On September 27, 2007, the Company entered into a License and Supply Agreement with Ascend Therapeutics, Inc. (“Ascend”), pursuant to which the Company granted Ascend an exclusive, 5 year license to market and sell the Company’s PROCHIEVE 4% product in the U.S. effective January 1, 2008. Ascend purchased product from Columbia at a transfer price equal to 35% of Ascend’s net selling price with minimum annual purchase obligations that increase over the life of the agreement. On January 21, 2010, Ascend notified the Company that it was terminating the license and supply agreement as of July 23, 2010, pursuant to the terms of the agreement.
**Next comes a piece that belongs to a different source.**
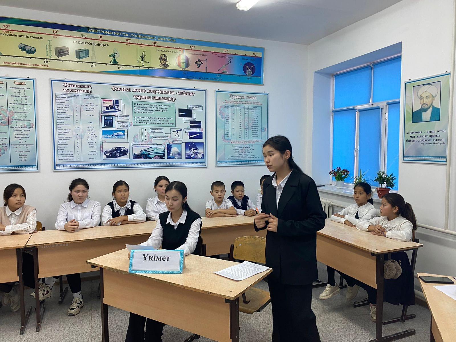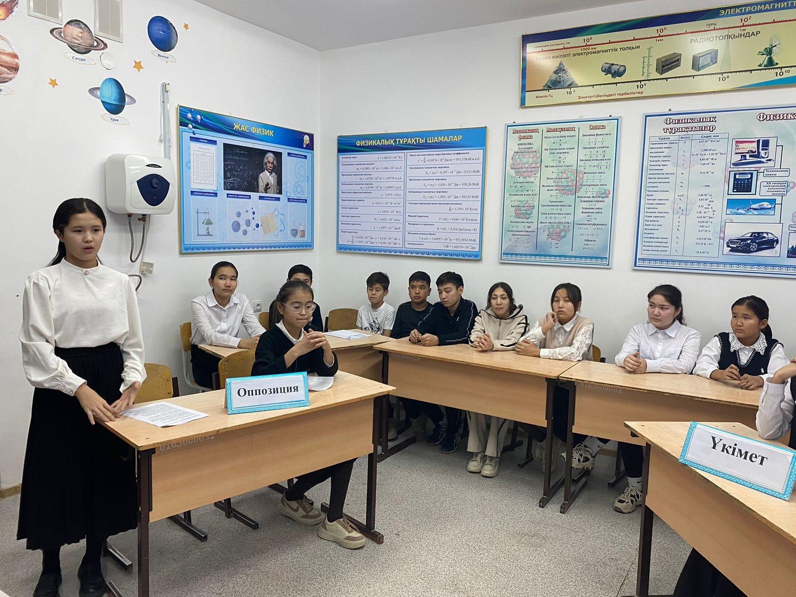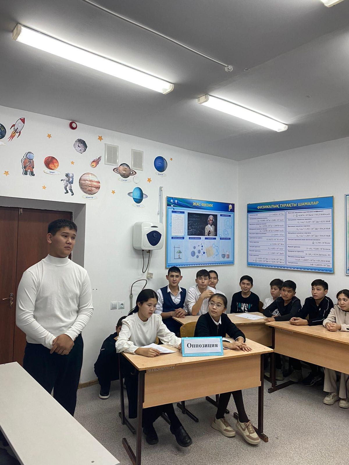 Дебатқа 8 сынып оқушылары Асылбекқызы Сұлтанай мен Тілеухан Шұғыла және 10сынып оқушылары Аятбек Қарақат пен Бейбітшілік Ділназдар қатысып, "Үкімет"және "Оппозиция" тобы бойынша пікірталас өрбіді Ойын өте қызықты және тартымды өтті. Ойынға қазылық жасаған математика пәнінің мұғалімі Н. Шораева мен директордың тәрбие ісі жөніндегі орынбасары Б. Нысанбаев ойынды қорытындылай келе 10 сынып оқушылары Аятбек Қарақат пен Бейбітшілік Ділназды жеңімпаз деп таныды.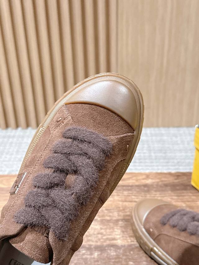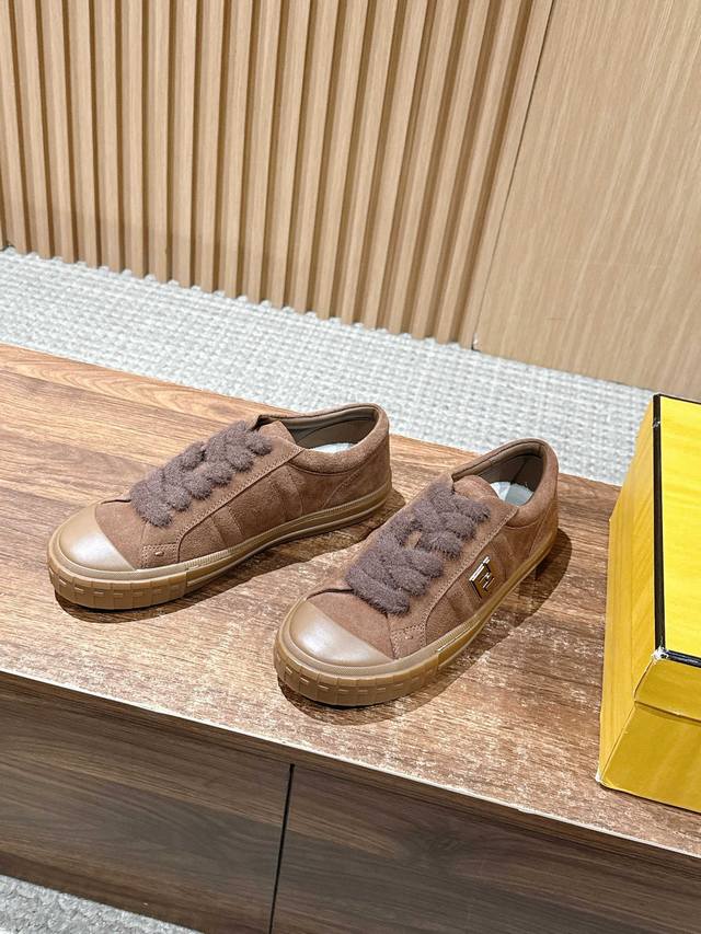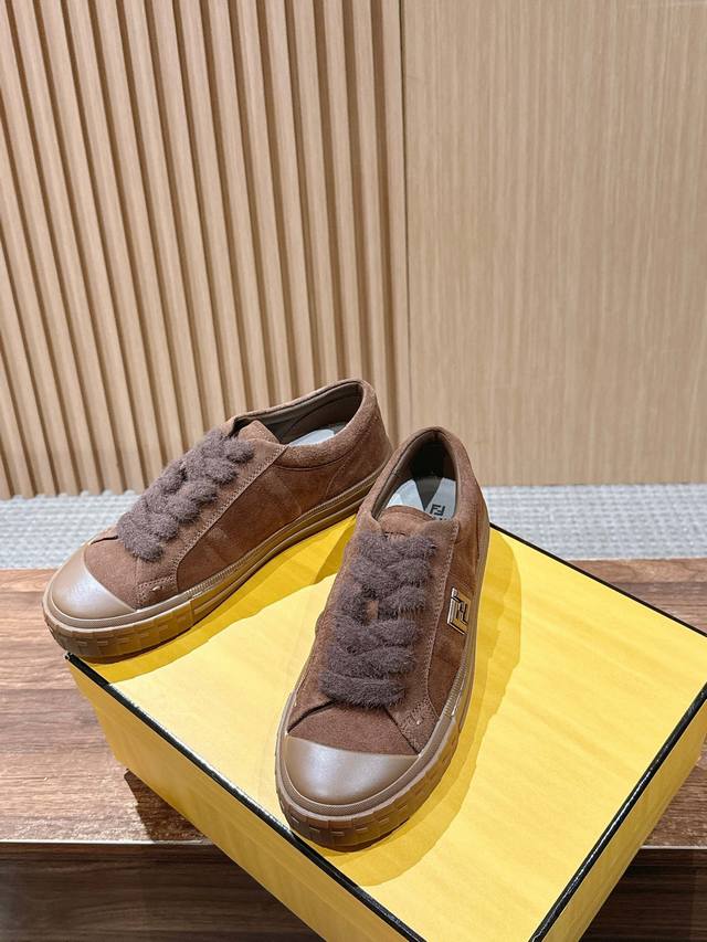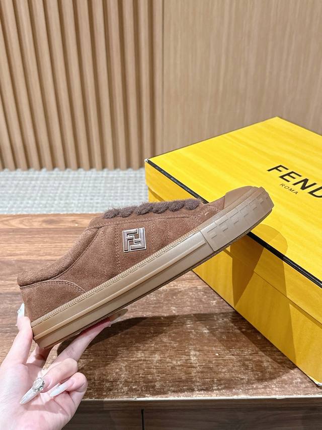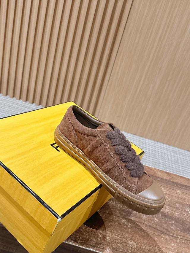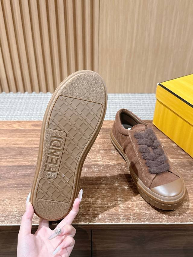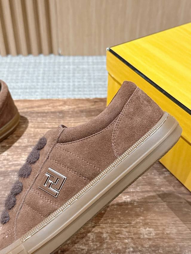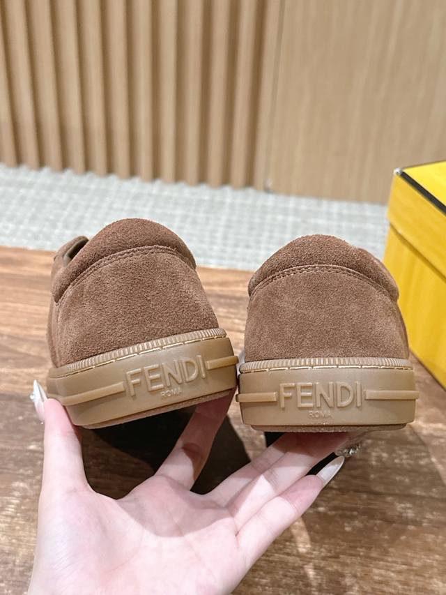 Fendi's new low-top sneakers, featuring a rubber sole, suede lambskin lining with stitched FF pattern embroidery, a white sole with contrasting color details, embossed textures, an overlaid FF pattern on the toe, and the Fendi Roma logo on the heel. Sizes: 35-45 (Women's 40, Men's 45, Custom Made).

On April 20, 2011, the Company entered into an asset purchase agreement (“Asset Purchase Agreement”) and a license agreement (“License Agreement”) with Actient Pharmaceuticals, LLC (“Actient”), Lake Forest, IL, relating to the sale of certain assets and the licensing of certain intellectual property related to STRIANT® (testosterone buccal system), ("STRIANT") in the United States.
Under the Asset Purchase Agreement, the Company sold to Actient certain assets primarily related to STRIANT in the United States, its territories, and possessions (“Territory”), including, but not limited to the STRIANT NDA and other regulatory approvals in the Territory; the STRIANT trademark, trade dress and other promotional materials used primarily to promote, market and sell STRIANT in the Territory; on-hand STRIANT inventories as of the closing; and other ancillary assets and rights.
In consideration of the assets and rights acquired under the Asset Purchase Agreement, Actient made a one-time payment at closing to Columbia of $3.1 million. Columbia recognized a gain in the second quarter of 2011 of $2.5 million on the sale of STRIANT, net of the transfer of inventory, fixed assets related to STRIANT, and the residual prepaid FDA fees.
Under the License Agreement, Columbia has granted to Actient an exclusive (even as to Columbia) irrevocable, perpetual and transferable license in the Territory to the intellectual property primarily related to STRIANT, including a license relating to Columbia's progressive hydration technology used in STRIANT, for use in the treatment of hypogonadism and other indications related to low testosterone levels in men.
In consideration of the rights granted under the License Agreement, Actient will pay Columbia a royalty on Actient's net sales of STRIANT in the Territory. No royalty is payable on net sales less than ten million dollars ($10,000,000) annually. A seven percent (7%) royalty is payable on sales between ten million dollars ($10,000,000) and twenty million dollars ($20,000,000) annually. A ten percent (10%) royalty is due on sales in excess of twenty million dollars ($20,000,000) annually. The royalty is reduced by fifty percent (50%) upon the expiration or other termination of the STRIANT patent and eliminated in the event of the launch of a generic to STRIANT after the expiration or other termination of the STRIANT patent. No royalty is due after ten years from closing.
See Note 2 for a description of the Company's agreements with Actavis.